Further, it ties into the work we've been doing on creating FatalReason. Individual types with failable initializers could extend prebuilt errors, allowing the rhs to be .unconstructableURL or .missingImageAsset, with autocompletion support.

This is focused on solving one real world problem rather than a full class of theoretical ones. It offers a narrowly focused utility with limited impact and measurable benefit.

The !! operator is so naturally related to ?? that it has a significantly lower cost to both recall and recognition than a completely novel operator. Just because new operators are usually the wrong answer does not mean they are always the wrong answer.

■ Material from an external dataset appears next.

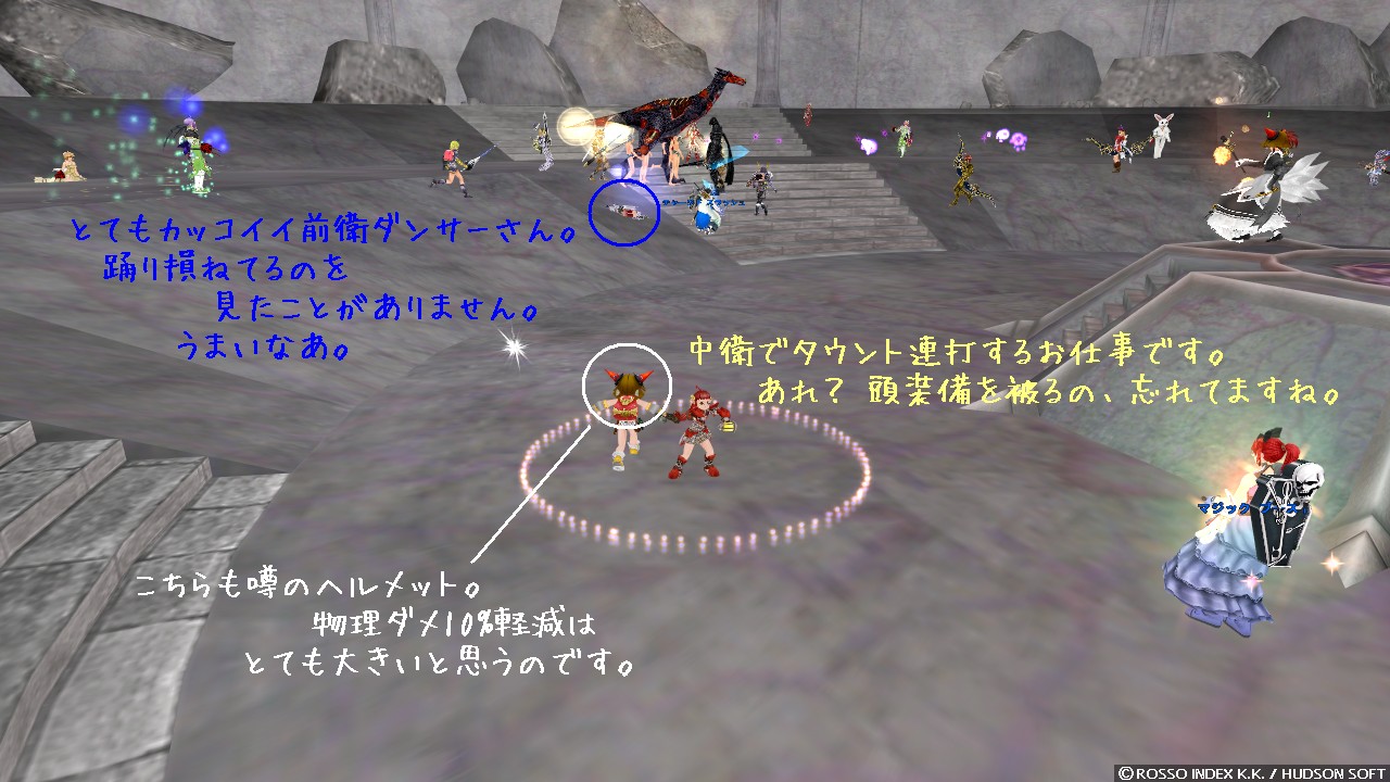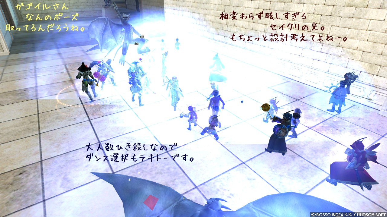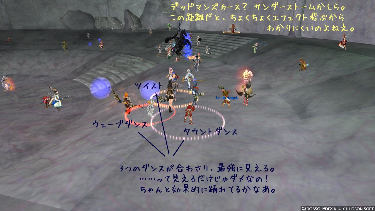 立ち位置に関してはまだまだみたいです。 弓や銃、魔法の距離で踊り続けるのだけは、まあ出来ているみたいですけど、視線の問題があるから高低なんかも考えられるようになりたいですね。 ただ、動くタイミングは難しそう。 集まってきているのをわざと散らすことになっちゃいますものね。 ダンスに say マクロ仕込めばまた違うんでしょうけど、あまりやりたくないんですよねえ。 悩みどころです。

And even though I think Optional<Wrapped> ?? () -> Never is a slightly inferior design, I'd much rather have that than allow the language walk away from this common problem space.


(Dave DeLong) #173

Erica addressed your other points, but I'd like to think about this momentarily on a thread tangent.

I actually think that all operators should just be sugar for underlying method calls. I like this from a symmetry and completeness point-of-view, and I also like it because it would establish a baseline for what would be required in order to add a new operator (it has to be sugar for a commonly-used method).

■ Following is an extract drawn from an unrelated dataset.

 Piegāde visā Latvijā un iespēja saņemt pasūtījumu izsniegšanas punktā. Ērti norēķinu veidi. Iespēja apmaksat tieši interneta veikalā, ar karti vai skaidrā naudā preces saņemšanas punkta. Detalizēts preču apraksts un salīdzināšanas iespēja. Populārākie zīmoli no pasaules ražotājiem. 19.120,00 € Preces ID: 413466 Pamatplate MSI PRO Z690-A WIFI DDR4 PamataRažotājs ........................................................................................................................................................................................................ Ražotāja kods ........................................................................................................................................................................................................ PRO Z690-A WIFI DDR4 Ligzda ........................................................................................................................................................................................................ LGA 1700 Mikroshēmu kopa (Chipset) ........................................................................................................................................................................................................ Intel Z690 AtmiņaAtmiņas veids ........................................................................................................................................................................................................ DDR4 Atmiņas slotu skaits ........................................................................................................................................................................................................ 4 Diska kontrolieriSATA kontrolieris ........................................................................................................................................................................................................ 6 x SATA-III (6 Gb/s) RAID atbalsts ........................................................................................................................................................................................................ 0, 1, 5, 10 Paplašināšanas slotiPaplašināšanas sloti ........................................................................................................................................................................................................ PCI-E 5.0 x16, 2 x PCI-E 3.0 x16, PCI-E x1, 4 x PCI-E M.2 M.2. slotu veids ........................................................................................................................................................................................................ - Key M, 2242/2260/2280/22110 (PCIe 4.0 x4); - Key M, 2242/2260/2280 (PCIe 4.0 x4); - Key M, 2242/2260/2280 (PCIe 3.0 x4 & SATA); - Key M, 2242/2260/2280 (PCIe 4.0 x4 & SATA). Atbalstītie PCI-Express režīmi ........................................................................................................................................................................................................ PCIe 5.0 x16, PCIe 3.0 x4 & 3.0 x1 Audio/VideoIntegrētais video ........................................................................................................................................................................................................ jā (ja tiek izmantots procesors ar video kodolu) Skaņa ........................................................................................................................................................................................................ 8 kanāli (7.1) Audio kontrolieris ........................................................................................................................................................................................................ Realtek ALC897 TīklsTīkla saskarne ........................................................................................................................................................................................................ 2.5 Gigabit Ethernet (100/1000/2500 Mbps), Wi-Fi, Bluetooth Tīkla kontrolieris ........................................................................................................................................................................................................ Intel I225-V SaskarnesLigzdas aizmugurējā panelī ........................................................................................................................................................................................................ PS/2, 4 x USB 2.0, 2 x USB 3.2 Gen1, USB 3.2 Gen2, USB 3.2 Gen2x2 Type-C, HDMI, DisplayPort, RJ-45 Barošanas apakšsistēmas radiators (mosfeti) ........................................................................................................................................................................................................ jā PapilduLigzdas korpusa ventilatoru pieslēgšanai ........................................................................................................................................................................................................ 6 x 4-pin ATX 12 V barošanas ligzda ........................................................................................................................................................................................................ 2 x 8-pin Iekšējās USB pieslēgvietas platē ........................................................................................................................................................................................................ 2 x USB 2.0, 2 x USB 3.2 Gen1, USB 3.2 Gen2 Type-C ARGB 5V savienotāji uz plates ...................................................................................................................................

This thread isn't the place to discuss this, but on the whole I would also love to see:

public extension Optional {
    public func unwrap(_ because: @autoclosure (() → String)? = nil, file: StaticString = #file, line: Uint = #line) → Wrapped {
        if let value = self { return value }
        let message = because?() ?? "Unexpected found nil value when unwrapping value of type \(Wrapped.self)"
        fatalError(message, file: file, line: line)
    }
}

(Paul Cantrell) #174

Same here.

I very much like the spirit of this idea. I particularly like that it could cover several failures within a single expression.

I’d want the actual syntax & naming to favor readability a bit more: less noise, minimized boilerplate, clarity about how the message should be phrased, etc.

This is an excellent question, and I suspect the answer varies quite a bit between different programming domains. If we are going to do another design round on this problem, as seems likely, I'd want to assemble a nice set of concrete, real-world examples taken from a variety of kinds of project (iOS, server side, system tool, C interop, etc.) before finalizing and reviewing the design.


(Jacob Williams) #175

I see a lot of people mentioning any sort of Cocoa interaction as a valid and frequent reason for force unwraps, but I'd also like to point out that using C APIs can also lead to potential force unwraps.

In a path library I'm working on, I try to make things as "safe" as possible before calling into C APIs, some of which may return NULL pointers. In several instances, I can eliminate any possible reason for the C APIs to return a NULL pointer (ie: the only C API requirement is for the path to be less than PATH_MAX), and so I use either a force unwrap or a guard let x = x else { fatalError("...") }.

There are plenty of APIs across C, Foundation, Cocoa, etc that return optionals, but that developers can relatively safely presume will not return nil and if they do return nil then a fatalError is the only appropriate solution.

I would like to see a solution to this that is less verbose than guard let x = x else { fatalError("...") }.

I'm not a big fan of:

x !! "Something went wrong"

because I'd like the ability to do more than just use fatalError. Sometimes it may be a recoverable error and so I'd just like to throw without having to write out a whole guard ... else ... block.

x !! fatalError("Something went wrong")

Is definitely more brief than the whole guard let x = x..., but still clear enough that anyone (beginner or veteran) should know what is going on.



As someone who is definitely not a Swift "expert", a ? with any kind of optional signifies a "safe" operation (AKA won't crash) and the nil-coalescing operator is taught on several beginner tutorials as "unwrap the optional or use the default value provided."

The ability to throw/crash to me just seems contrary to the intent of the ? which is why I am opposed to ?? using a Never return type. Doing so would require learning what Never is and why that means it's appropriate to use fatalError instead of the default value you were originally taught should go on the right-hand side of the ??.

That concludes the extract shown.